Published: October 14, 2025 | Original Post


Lessons from ReAct, MemGPT, and Claude Code in designing the agent loop.

What is Agent Architecture?

At each iteration, agents must decide:

  • Call tools or send messages
  • Reason (allocate compute for thinking)
  • Terminate the loop

These decisions can be controlled by the LLM itself or by the agent architecture managing invocations.

Evolution

ReAct (Early)

Sequential reasoning and actions through formatted prompts -- predating native tool calling and reasoning capabilities.

MemGPT

The first stateful agent with persistent memory.
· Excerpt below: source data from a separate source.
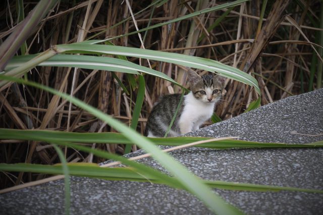道路のわきの畑から、顔だけのぞかせているその風貌がありえないほどかわいくて、猫ってこんなにかわいかったっけ!
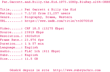 Voir le nfo de la release Pat.Garrett.And.Billy.The.Kid.1973.1080p.BluRay.x264-ORBS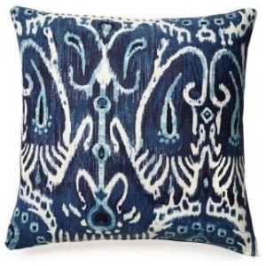 Икаты прекрасно комбинируются между собой, так как у них очень похожие мотивы. Нужно только подобрать сочетающиеся между собой цвета, и можете смело добавлять в комнату разные подушки, шторы и другой текстиль с орнаментом икат.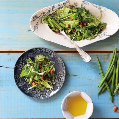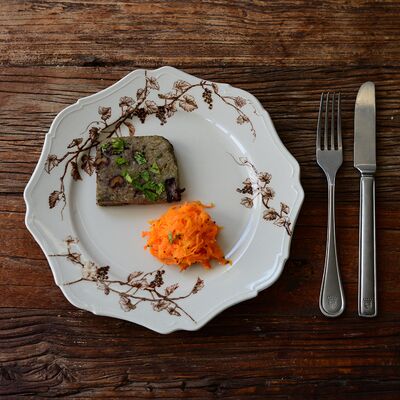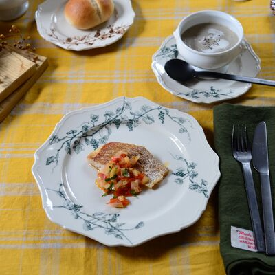 ヴィーニュ/Vigneは、フランス語で「ぶどう」という意味。ヨーロッパの絵皿にあるアンティークプレートからイメージを膨らませ、葡萄の枝や果実、蔓などを大胆に配置したシリーズです。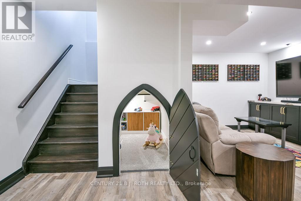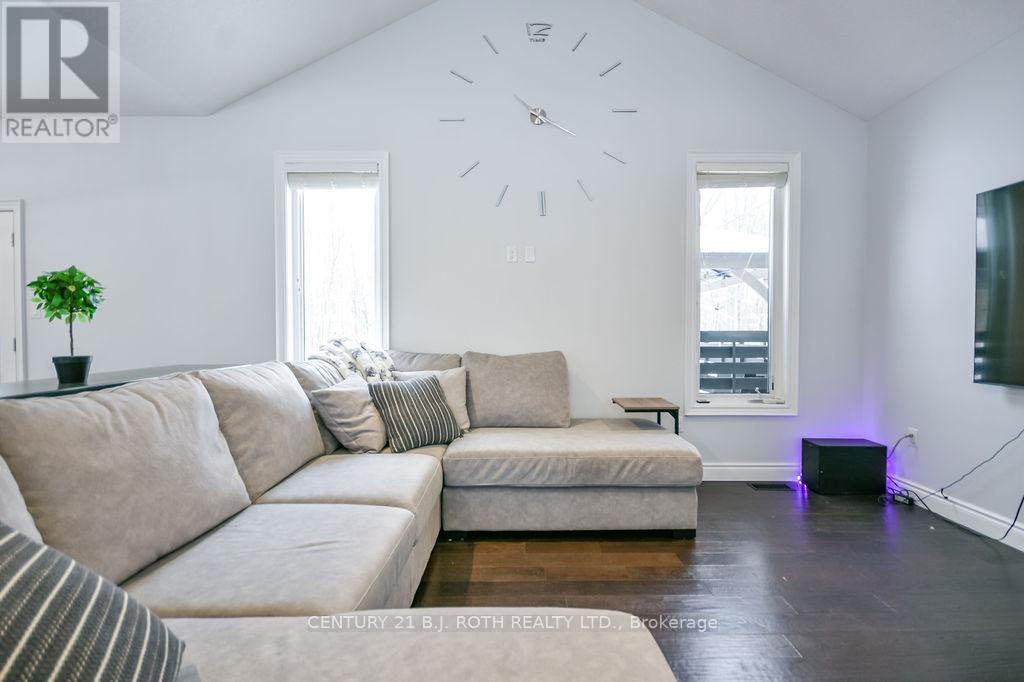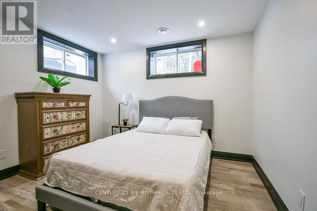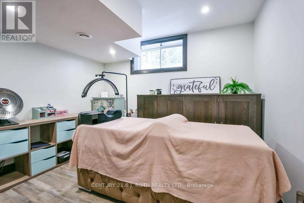 Welcome to this beautiful custom-built bungalow nestled in the sought-after community of Warminster, set on a 1.15-acre treed lot offering privacy, elegance, and resort-style living. This impressive 5 bedroom, 4 bathroom home showcases over $250,000 in upgrades and a thoughtful open-concept design featuring 9-foot ceilings and an abundance of natural light throughout. The entertainment-sized kitchen is a chef's dream with granite countertops, travertine tile, breakfast bar, and stainless steel appliances including a gas range, beverage refrigerator, and dishwasher. The inviting Primary Suite offers a luxurious ensuite and tranquil views, while the main floor laundry and 2-piece powder room add convenience and functionality. Hardwood floors flow seamlessly through the main living areas, enhancing the home's warmth and character. The finished lower level is designed for entertainment and relaxation, featuring two large bedrooms, a spa-inspired bathroom with walk-in shower, a home theatre, video gaming area, and a spacious family room with custom bar area - perfect for hosting friends and family. Step outside to your private oasis: a large entertainment-sized deck overlooks the landscaped yard and a stunning 16' x 32' heated inground pool (2023), creating the ultimate backyard retreat. The attached double tandem oversized garage provides ample space for vehicles, tools, and toys. This beautiful home is also wired for generator power for added security during power outages. Ideally located near parks, soccer fields, baseball diamonds, pickleball courts, and the new Xposed Ball Hockey League Courts, this home offers the perfect balance of luxury, recreation, and community living. Experience the best of country charm and modern sophistication in this exceptional Warminster bungalow - a true entertainer's dream! UPGRADES: Waterproofing of complete basement (2023), Washer & Dryer (2024), Humidifier (2023), Buried electric fence for pets, all deck boards (2024) (id:4555)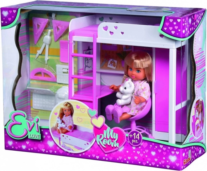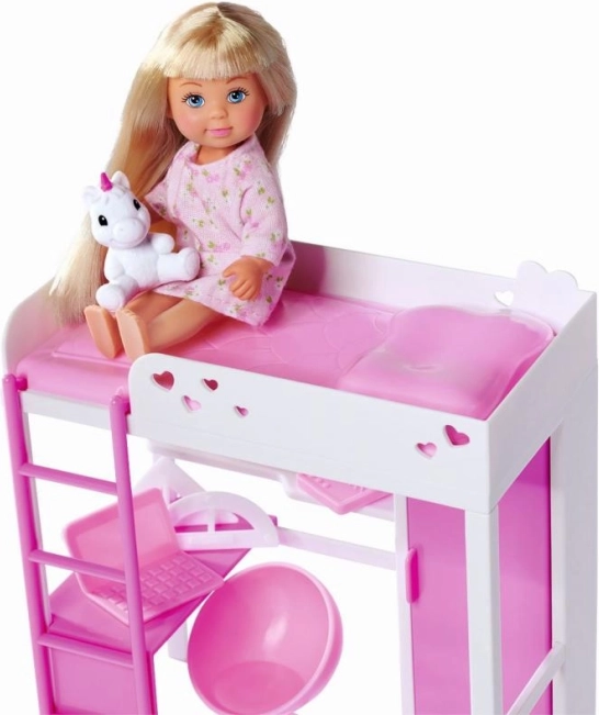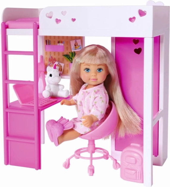 Entdecken Sie ein zauberhaftes Zimmer, in dem Puppe Evi spielt, lernt und sich erholt. Das moderne Hochbett mit Leiter spart Platz und verbirgt darunter eine gemütliche Arbeitsecke mit Schreibtisch und Stauraum. Alles in Weiß‑Rosa mit zarten Herzchen – ein Highlight für kleine Designerinnen.

Built on tool calling, it used special keyword arguments (thinking, request_heartbeat) to manage reasoning and control flow.

Letta V1

The new architecture:

  • Leverages native reasoning from modern models
  • Removes tool-calling requirements for reasoning
  • Simplifies system prompts

Trade-offs:

  • Loses prompted reasoning for non-reasoning models
  • Eliminates heartbeat functionality
  • Reduces tool rule flexibility

The Reasoning Token Dilemma

Modern frontier models encrypt reasoning tokens, preventing developer access. Prompted reasoning offers transparency but performance comparisons remain unclear across use cases.

Recommendation

Use the new Letta V1 architecture for latest reasoning models like GPT-5 and Claude 4.5 Sonnet.